In the embodiment of the invention, a central node sequentially inquires an inode number (a metadata index node number) and a read-write authority of each node in a node sequence of a destination path (i.e. a path from the minimum common ancestor node to the destination node), establishes a read lock (i.e. a shared lock) for the corresponding node according to a hash table of the inode number (the metadata index node number) in a memory, if the corresponding node does not exist, indicates that the corresponding node is changed, releases the node on the minimum common ancestor at the moment, releases all the added read locks, gives up renaming operation, replies renaming operation failure information to an upper layer, and if a write lock (i.e. an exclusive lock) exists on the corresponding node in the hash table, blocks the release of the write lock waiting for the corresponding node, and under the condition, the state of the write lock is kept, and other renaming operation is proved to be needed to be released by waiting for other renaming operation.

(4) A write lock is created for the source node.

In the embodiment of the invention, the central node recursively analyzes the path of the source node (the path from the minimum common ancestor node to the source node) from the memory, and when the last node of the path of the source node, namely the source node, is found, a write lock is created for the source node in the hash table in the memory.

(5) The write lock of the smallest common ancestor node is released.

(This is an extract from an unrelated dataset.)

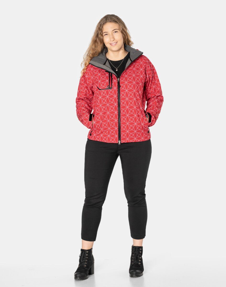 Kurtka jest wodoodporna, wiatroszczelna i zapinana jest w całości na zamek błyskawiczny. Aby uniknąć przenikania wody do wnętrza kurtki szwy i przeszycia zostały podklejone specjalną taśmą dzięki czemu są w 100% wodoszczelne. Praktyczny odpinany na zamek błyskawiczny i ocieplony mikropolarową podszewką kaptur posiada możliwość połączenia go z za pomocą rzepów z kołnierzem oraz regulacji jego wielkości i dopasowania Osłoni Twoją głowę przed deszczem, wiatrem i chłodem. Wysoki kołnierz/stójka skutecznie chroni podbródek i szyję a często zastępuje nawet szalik co jest bardzo wygodne. Kurtka posiada dwie kieszenie przednie na dłonie, zasuwane na wodoodporne zamki błyskawiczne. Na prawej piersi pojedyncza kieszeń zasuwana również na wodoodporny zamek. Wewnątrz dwie kieszenie naszywane. Ściągacze regulacyjne na dole kurtki oraz przy kapturze z gumką i stoperem, a w rękawach regulowane mankiety na rzepy pozwalają na precyzyjne dopasowanie kurtki do ciała, co znacznie zapobiega utracie ciepła i skutecznie chroni przed podmuchami wiatru. Wewnętrzna strona kurtki jest lekko ocieplona przyjazną dla ciała mikropolarową podszewką. Talia zgrabnie podkreślona doskonale wyprofilowana konstrukcja. Modny sportowy krój efektownie podkreślający kobiecą sylwetkę prezentowany obecnie szeroko na modowych blogach.
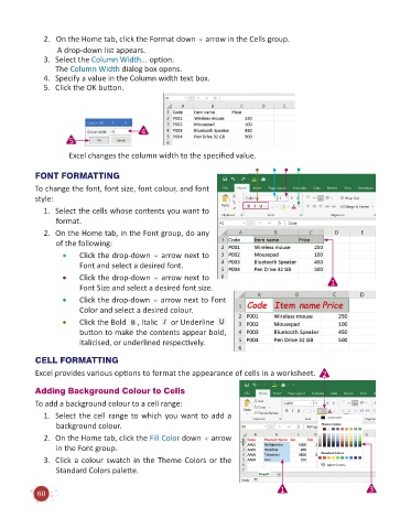 Excel provides various options to format the appearance of cells in a worksheet. 2

The primary role of write locks on the smallest common ancestor node is to avoid deadlock caused by the simultaneous occurrence of two r renaming operations that may produce an orphan ring.

And 3, the central node sends a renaming transaction request to a persistent storage dentry node (namely a node for storing the directory entry) of the metadata storage engine at the lower layer, a renaming transaction process is executed, and after the renaming transaction is executed, all read-write locks added in the previous locking process are released.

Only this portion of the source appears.